Records from a data source
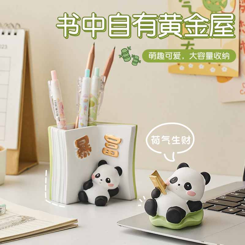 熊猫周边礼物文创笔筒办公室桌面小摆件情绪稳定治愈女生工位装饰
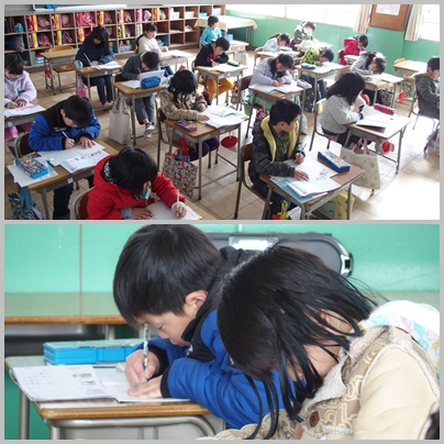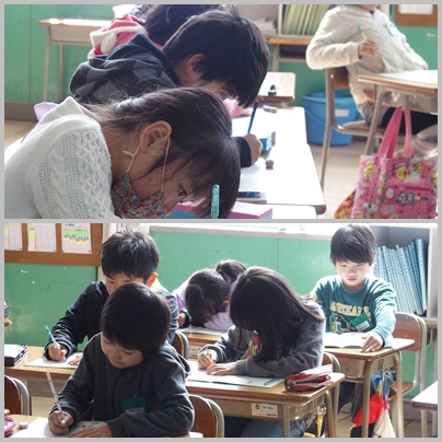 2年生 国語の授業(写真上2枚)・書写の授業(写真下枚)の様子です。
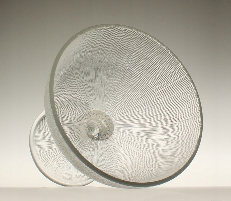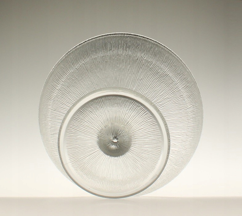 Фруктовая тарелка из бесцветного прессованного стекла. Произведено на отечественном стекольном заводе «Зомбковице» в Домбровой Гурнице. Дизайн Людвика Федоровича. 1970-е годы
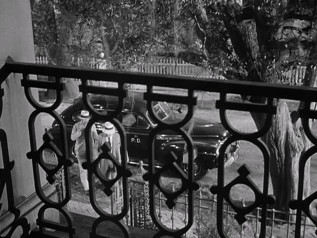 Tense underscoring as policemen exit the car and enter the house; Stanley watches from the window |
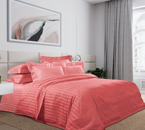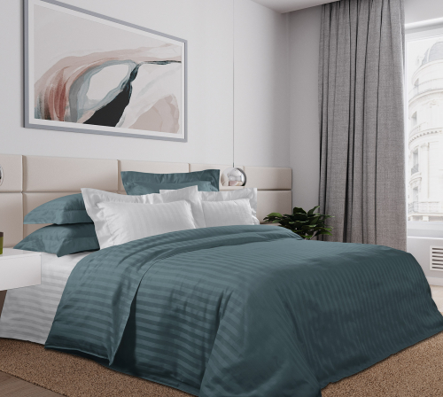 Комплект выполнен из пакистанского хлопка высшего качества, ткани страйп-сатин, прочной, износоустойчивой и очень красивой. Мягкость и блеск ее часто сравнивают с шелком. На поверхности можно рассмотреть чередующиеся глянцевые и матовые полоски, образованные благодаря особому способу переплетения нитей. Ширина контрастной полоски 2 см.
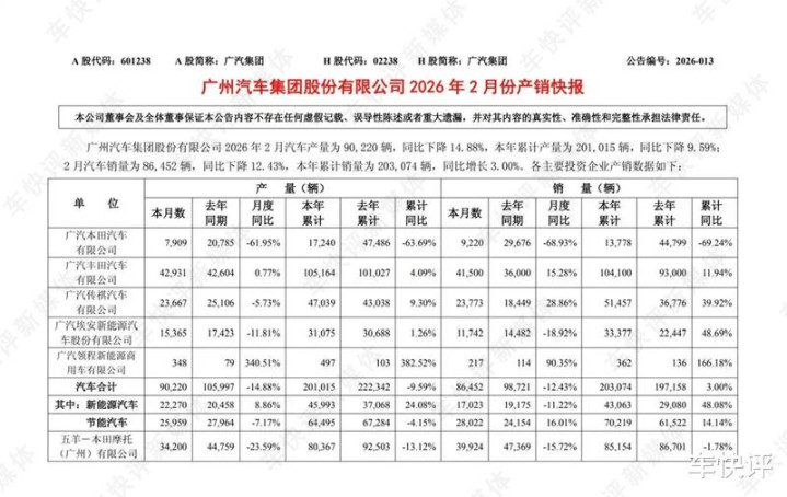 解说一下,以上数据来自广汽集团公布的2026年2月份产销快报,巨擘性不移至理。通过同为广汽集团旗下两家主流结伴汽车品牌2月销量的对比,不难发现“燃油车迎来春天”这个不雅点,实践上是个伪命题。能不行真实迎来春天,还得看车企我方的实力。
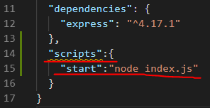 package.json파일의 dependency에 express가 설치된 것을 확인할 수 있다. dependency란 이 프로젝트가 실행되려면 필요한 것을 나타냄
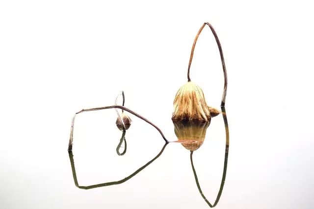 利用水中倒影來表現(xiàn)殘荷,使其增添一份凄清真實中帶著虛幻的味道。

THE TASK
Pictures aside, reproduce every record exactly as it stands.

SOLUTION
 熊猫周边礼物文创笔筒办公室桌面小摆件情绪稳定治愈女生工位装饰
 2年生 国語の授業(写真上2枚)・書写の授業(写真下枚)の様子です。
 Фруктовая тарелка из бесцветного прессованного стекла. Произведено на отечественном стекольном заводе «Зомбковице» в Домбровой Гурнице. Дизайн Людвика Федоровича. 1970-е годы
 Tense underscoring as policemen exit the car and enter the house; Stanley watches from the window |
 Комплект выполнен из пакистанского хлопка высшего качества, ткани страйп-сатин, прочной, износоустойчивой и очень красивой. Мягкость и блеск ее часто сравнивают с шелком. На поверхности можно рассмотреть чередующиеся глянцевые и матовые полоски, образованные благодаря особому способу переплетения нитей. Ширина контрастной полоски 2 см.
 解说一下,以上数据来自广汽集团公布的2026年2月份产销快报,巨擘性不移至理。通过同为广汽集团旗下两家主流结伴汽车品牌2月销量的对比,不难发现“燃油车迎来春天”这个不雅点,实践上是个伪命题。能不行真实迎来春天,还得看车企我方的实力。
 package.json파일의 dependency에 express가 설치된 것을 확인할 수 있다. dependency란 이 프로젝트가 실행되려면 필요한 것을 나타냄
 利用水中倒影來表現(xiàn)殘荷,使其增添一份凄清真實中帶著虛幻的味道。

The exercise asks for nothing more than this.